The house became a whirlwind, with all of us scattered around putting the finishing touches on each room, l’kavod Shabbos and Pesach. Mama carefully hung the challah in the window off of the kitchen. We didn’t want them to make crumbs in our Pesachdig kitchen. Even the bochurim who rented the bedroom pitched in to help. And then, as Dovid and Zalman hurried off to shul, the sun set and the peace that Shabbos brings settled over the house. It was Shabbos, but it was also Erev Pesach, which was strange and exciting at the same time.
And then, before we knew it, we were sitting down to the Seder. Mama took her place at the end of the table, like she always did. Even though Papa wasn’t here, no one sat in his seat. It just stayed empty, as if he had stepped out and would be coming back any moment. I looked around the table at all of us, dressed in our new Yom Tov clothing, our cups for the Daled Kosos filled to the brim with the grape juice and wine that we had made. But there was no one in a long, white kittel at the head of the table. No on to stand up and boom out Kiddush while the rest of us followed along. Instead, we limped along through the beginning of the Seder, trying to make it feel right. It had been a mistake. Mama had been right. We should have gone to Yocheved and Baruch and had a normal Seder. And it was all my fault.
But by the time Dovid split the matzah and hid the afikomen, the talking and the laughter and the discussions felt just like they usually did.
“Hey!” Dovid shrieked as Leiba scampered off with the afikomen he had hidden under the table. Leiba giggled and disappeared into the kitchen to hide her find.
“I learned something interesting in school,” Miriam said, addressing Mama, but really talking to all of us. “Do you want to hear it?”
“Of course, Miriam,” Mama said, smiling encouragingly as Miriam launched into a devar Torah for Maggid.
Even without Papa, it felt right.
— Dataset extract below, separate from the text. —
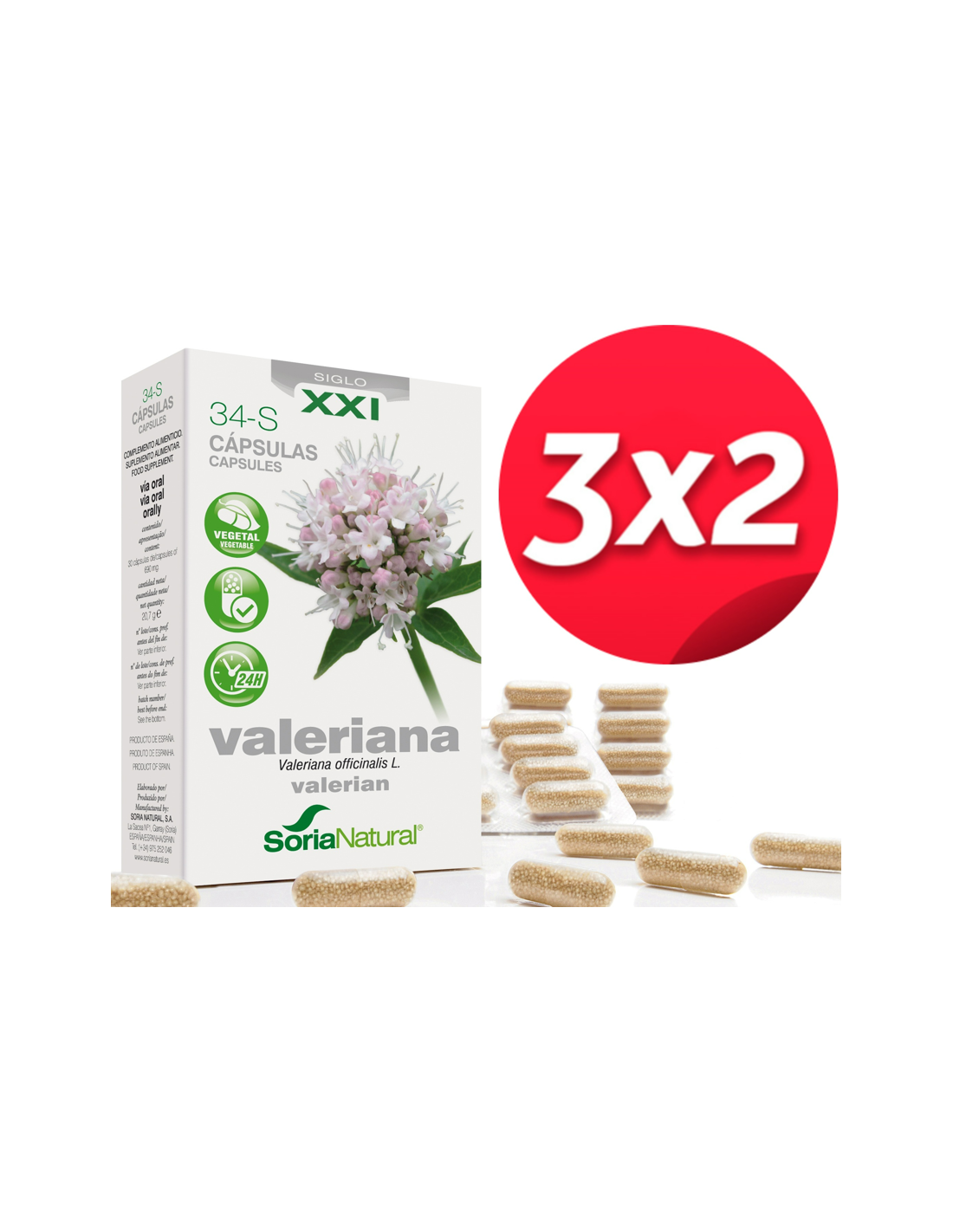 SORIA NATURAL 3X2La valeriana (Valeriana offinacinalis) es una planta utilizada tradicionalmente por sus efectos relajantes y tranquilizantes. La parte utilizada para extraer los compuestos activos, entre los que destacan los aceites esenciales, es la raíz. Uno de los principales constituyentes de este aceite esencial es el ácido valerénico, al que se le atribuyen una parte importante de los efectos relajantes de la valeriana.

Something was missing, but this was still better than being a guest at Yocheved’s house.
The next day we had some bochurim eat with us. We barely missed Papa then. Everything felt so normal — a man to make Kiddush, Mama’s piping hot stew with sweet carrots and raisins. A recipe we had learned from friends in Chevron, not one from Europe, but something we had all come to enjoy. And divrei Torah, and laughter, and all of it right here in our house.
When the seudah was over, I stretched out on the couch to take a rest. The past few weeks had been long and hectic, and I was ready for a break.
Dovid and Zalman stayed seated at the table, though, and through my half-closed eyes I listened to their conversation.
“I’m almost 12,” Dovid was saying, as though embarrassed by his age. He had nothing to be embarrassed about. He always acted so mature .
“So, what are you doing about tefillin?” Zalman responded. “You need to order a pair soon if you want a sofer to have them ready for your bar mitzvah.”
Mama passed by just then, having finished washing the dishes from the seudah.
“Are you ordering tefillin for Dovid soon?” Zalman asked her. His father was a sofer, I remembered. Was he hoping we would order from him?
“Actually,” Mama replied slowly, “I already have a pair of tefillin for Dovid.” She said it hesitantly. Almost nervously — if Mama could get nervous.
“Really?” Dovid asked.
“Yes,” Mama said. “We have Papa’s. I have it in a safe place, waiting for you.”
Papa’s tefillin? The sleepy feeling inside of me evaporated and left behind a huge empty chasm. No. Dovid shouldn’t be using Papa’s tefillin. No one besides Papa should be using Papa’s tefillin. I turned towards Dovid, expecting to see the same feeling reflected on his face. But instead, his face was alive with excitement. How could that be? How could Dovid want to use Papa’s tefillin?